On May 3, the United States joins the international community in celebrating World Press Freedom Day. Information and knowledge are powerful tools, and a free and independent press is the core institution connecting publics to the information they need to advocate for themselves, make informed decisions, and hold governmental officials accountable. The United States advocates for press freedom online and offline, and for the safety of journalists and media workers worldwide.
Freedom of expression and access to factual and accurate information provided by independent media are foundational to prosperous and secure democratic societies. Under the Universal Declaration of Human Rights, freedom of expression includes the right of all individuals “to seek, receive and impart information and ideas through any media and regardless of frontiers.” But the outlook for the rights of journalists today is harrowing.
That’s one reason we announced, in response to the brutal murder of Jamal Khashoggi, the “Khashoggi Ban” — to help deter threatening behavior against the media. The Department’s 2020 Country Reports on Human Rights Practices released in March cites dozens of cases of media workers who have been harassed, attacked, and even killed for their work. The Committee to Protect Journalists (CPJ) reported that in 2020, the number of journalists killed in retaliation for their reporting more than doubled, with Mexico and Afghanistan seeing the largest number of killings. According to CPJ, the number of journalists jailed for their reporting in 2020 reached the highest level since the organization began keeping track, with the People’s Republic of China, Turkey, and Egypt imprisoning the most reporters last year. In Russia, authorities continue to restrict independent reporting, including Radio Free Europe/Radio Liberty.

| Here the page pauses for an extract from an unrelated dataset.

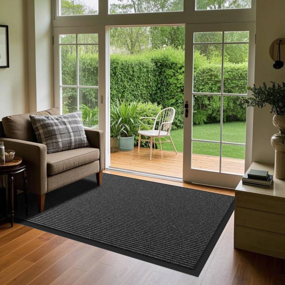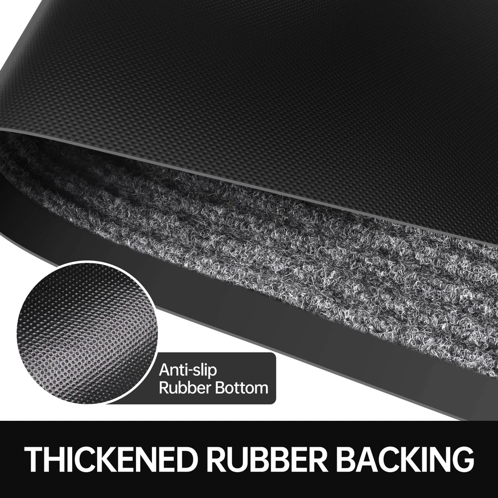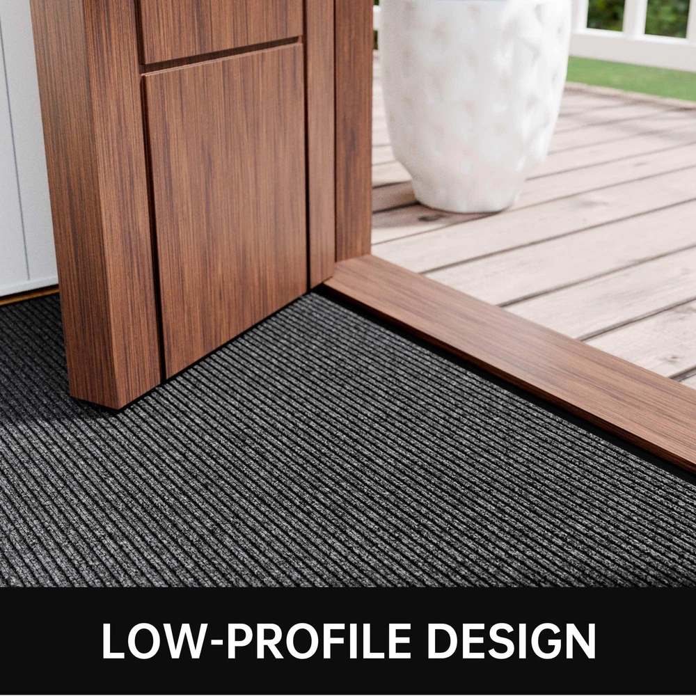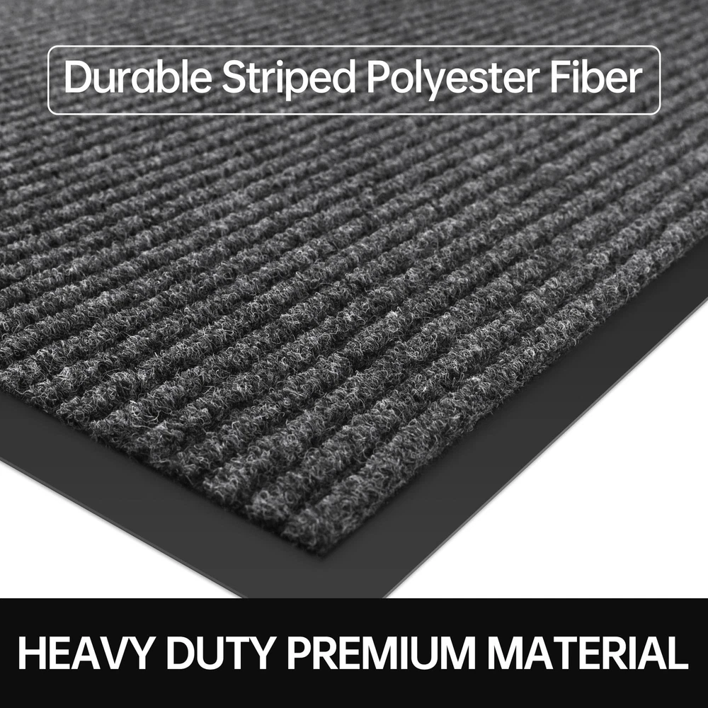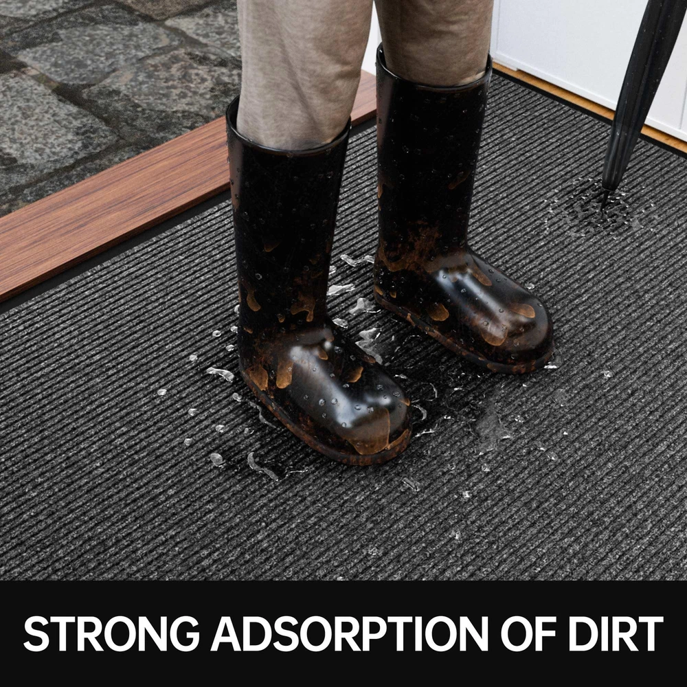 Deeply Absorbs and Captures Dirt: Our outdoor doormats can effectively trap and scrape away dirt and debris from the bottom of dirty shoes, outside door mat keeps your floors clean and tidy. Durable Material: The heavy duty door mat surface is made of premium polyester fibre material, tear, stain and fade resistant. With stripe design that picks up dirt faster, our high traffic welcome mats are designed to withstand heavy foot traffic. Non-Slip Rubber Backing: Our door mats are made with a thickened rubber back, it can be firmly fixed to the floor to prevent slipping. The low profile design makes it easy to open and close the door. Easy to Clean: Large door mat are ultra-absorbent and won't leach stains onto the floor. cleaning the outdoor floor mat, just shake off the dust and debris, you can vacuum the deep dirt when necessary, easy to keep your doorway clean. Multi-Purpose to Use: Our commercial door mat is widely used in outdoor, indoor, and other places with a lot of traffic. Multiple sizes are available to ensure you choose a waterproof door mat that suits you. size including 24" x 48", 24" x 72", 36" x 48", 36" x 60", 36" x 72", 48" x 72", 48" x 96",and 36" x 120".

Unfortunately, the pandemic has provided a pretext for repressive governments to intensify pressure on independent media. It is exactly in that kind of hostile environment that the exercise of freedom of expression, especially by members of the press, becomes even more crucial in alerting the public to abuses and corruption and in countering dangerous misinformation and disinformation. We call on all governments to ensure media safety and protect journalists’ ability to do their jobs without fear of violence, threats, or unjust detention.
In our increasingly digital world, press freedom and the free flow of information require Internet freedom. We are concerned by governments’ increased efforts to deprive the public of information and knowledge by controlling Internet access and censoring content, including through the widespread use of network restrictions – some as long as 18 months – that make it impossible for journalists to conduct independent reporting. Governments must not shut down, block, throttle, censor, or filter services, as these actions undermine and unduly restrict the rights of peaceful assembly and freedoms of association and expression, disrupt access to essential services, and negatively impact the economy.
The United States condemns the use of partial or complete government-imposed Internet shutdowns, among other tactics, to prevent the exercise of freedom of expression online and restrict the ability of independent journalists to serve the public. We urge governments to investigate and seek accountability for all crimes against journalists and media workers. The United States is committed to working in partnership with members of the media, the private sector, non-governmental organizations, and other concerned governments to support access to information and defend freedom of expression and the brave journalists who face intimidation, harassment, arrest, and violence in exercising their rights.